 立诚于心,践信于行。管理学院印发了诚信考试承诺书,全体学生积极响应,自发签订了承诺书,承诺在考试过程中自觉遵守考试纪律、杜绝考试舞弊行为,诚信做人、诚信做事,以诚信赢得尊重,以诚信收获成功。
--- --- ---
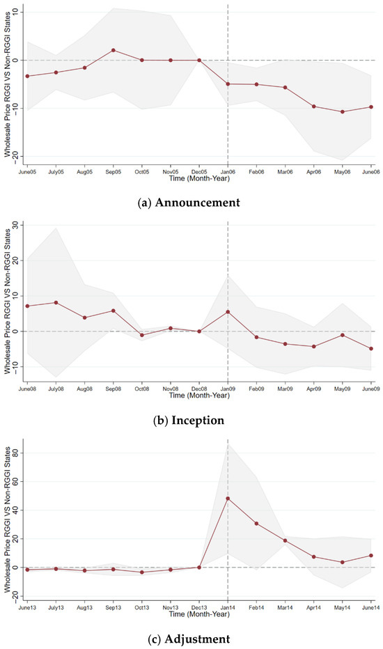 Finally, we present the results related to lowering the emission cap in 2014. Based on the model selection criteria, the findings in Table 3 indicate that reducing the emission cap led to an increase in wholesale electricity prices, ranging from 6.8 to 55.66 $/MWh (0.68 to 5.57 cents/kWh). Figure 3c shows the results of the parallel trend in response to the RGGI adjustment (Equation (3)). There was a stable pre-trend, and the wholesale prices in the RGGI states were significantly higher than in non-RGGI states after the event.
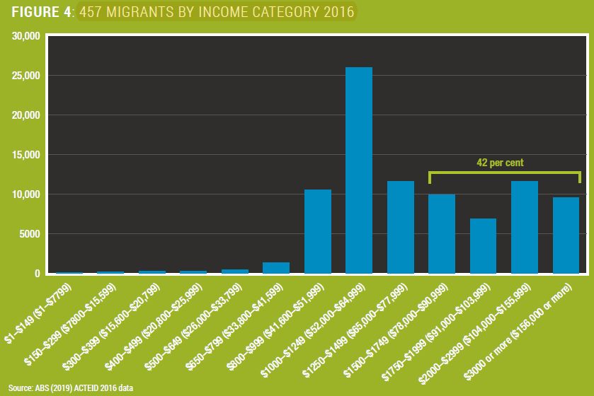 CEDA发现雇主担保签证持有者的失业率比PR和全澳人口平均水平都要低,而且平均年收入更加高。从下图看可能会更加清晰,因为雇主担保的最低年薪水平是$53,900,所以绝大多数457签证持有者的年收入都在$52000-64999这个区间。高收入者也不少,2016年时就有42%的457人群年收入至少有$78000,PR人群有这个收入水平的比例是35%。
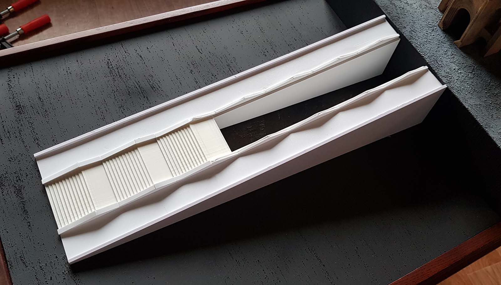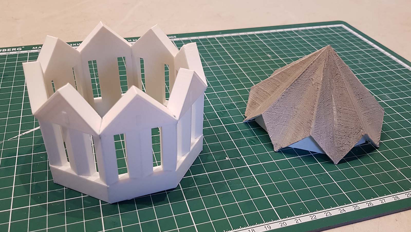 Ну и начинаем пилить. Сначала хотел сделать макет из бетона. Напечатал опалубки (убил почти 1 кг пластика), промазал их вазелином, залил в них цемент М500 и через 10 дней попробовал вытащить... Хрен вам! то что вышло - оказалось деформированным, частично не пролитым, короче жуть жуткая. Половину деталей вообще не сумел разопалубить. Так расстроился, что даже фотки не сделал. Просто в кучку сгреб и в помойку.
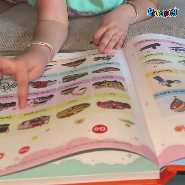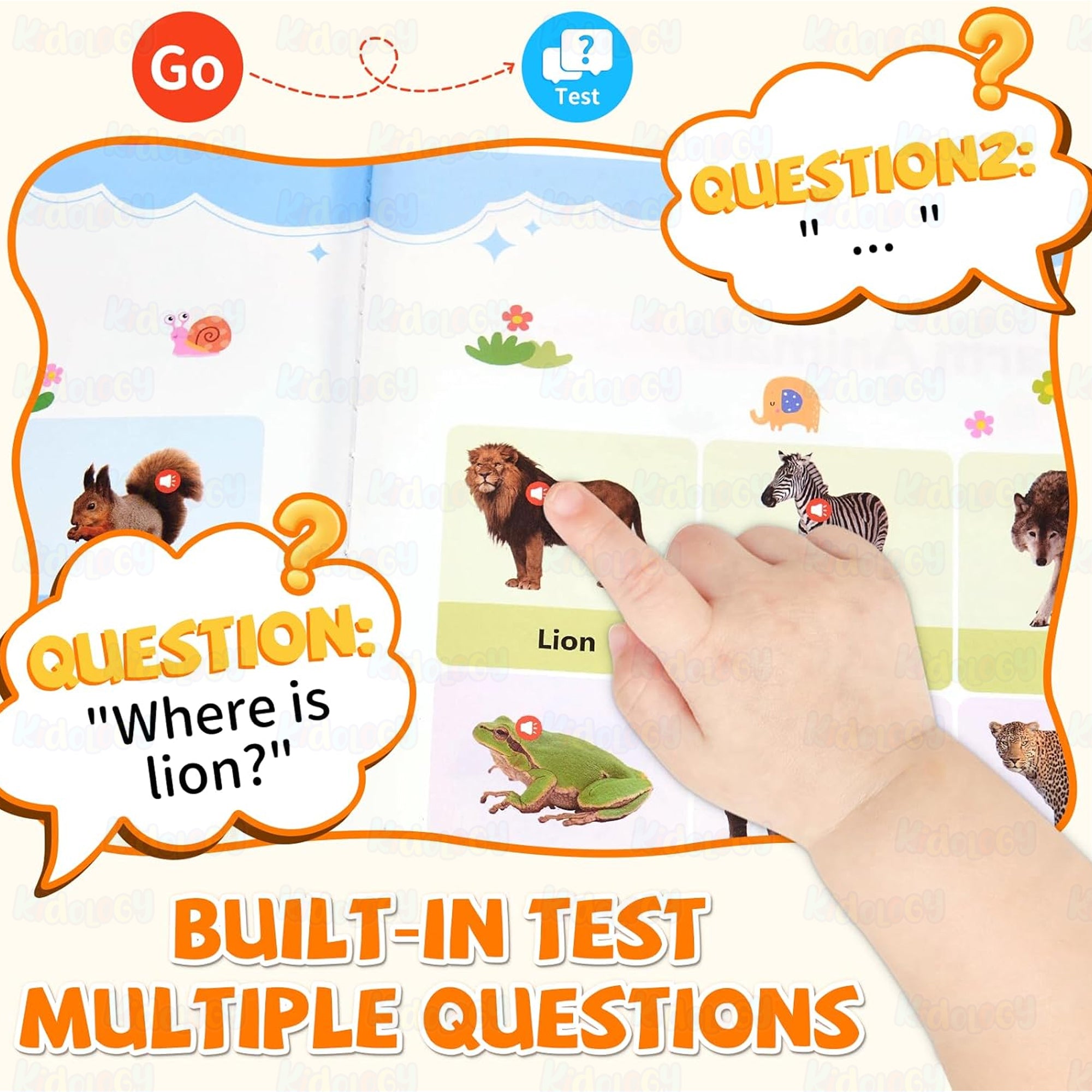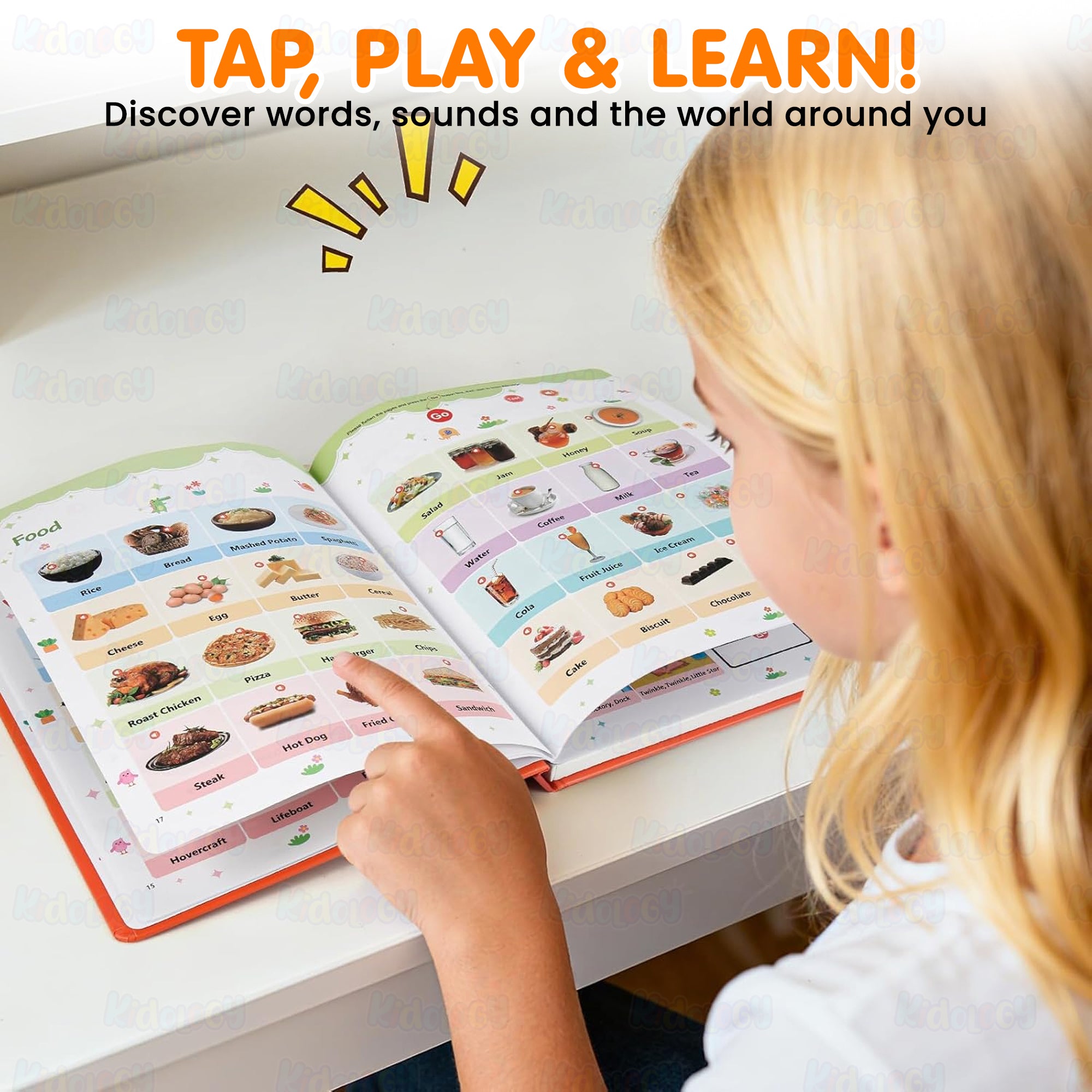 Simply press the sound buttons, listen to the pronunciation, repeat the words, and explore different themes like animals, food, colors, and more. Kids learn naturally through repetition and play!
--- --- ---
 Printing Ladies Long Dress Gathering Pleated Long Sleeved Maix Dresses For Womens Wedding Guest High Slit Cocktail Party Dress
--- --- ---
- _TASK STATEMENT_
Reproduce, exactly and only, the lines of the records above starting at the line with "CEDA发现雇主担保签证持有" and ending at the line with "Simply press the", both included. Leave every picture out.

- _REPLY_
 CEDA发现雇主担保签证持有者的失业率比PR和全澳人口平均水平都要低,而且平均年收入更加高。从下图看可能会更加清晰,因为雇主担保的最低年薪水平是$53,900,所以绝大多数457签证持有者的年收入都在$52000-64999这个区间。高收入者也不少,2016年时就有42%的457人群年收入至少有$78000,PR人群有这个收入水平的比例是35%。
 Ну и начинаем пилить. Сначала хотел сделать макет из бетона. Напечатал опалубки (убил почти 1 кг пластика), промазал их вазелином, залил в них цемент М500 и через 10 дней попробовал вытащить... Хрен вам! то что вышло - оказалось деформированным, частично не пролитым, короче жуть жуткая. Половину деталей вообще не сумел разопалубить. Так расстроился, что даже фотки не сделал. Просто в кучку сгреб и в помойку.
 Simply press the sound buttons, listen to the pronunciation, repeat the words, and explore different themes like animals, food, colors, and more. Kids learn naturally through repetition and play!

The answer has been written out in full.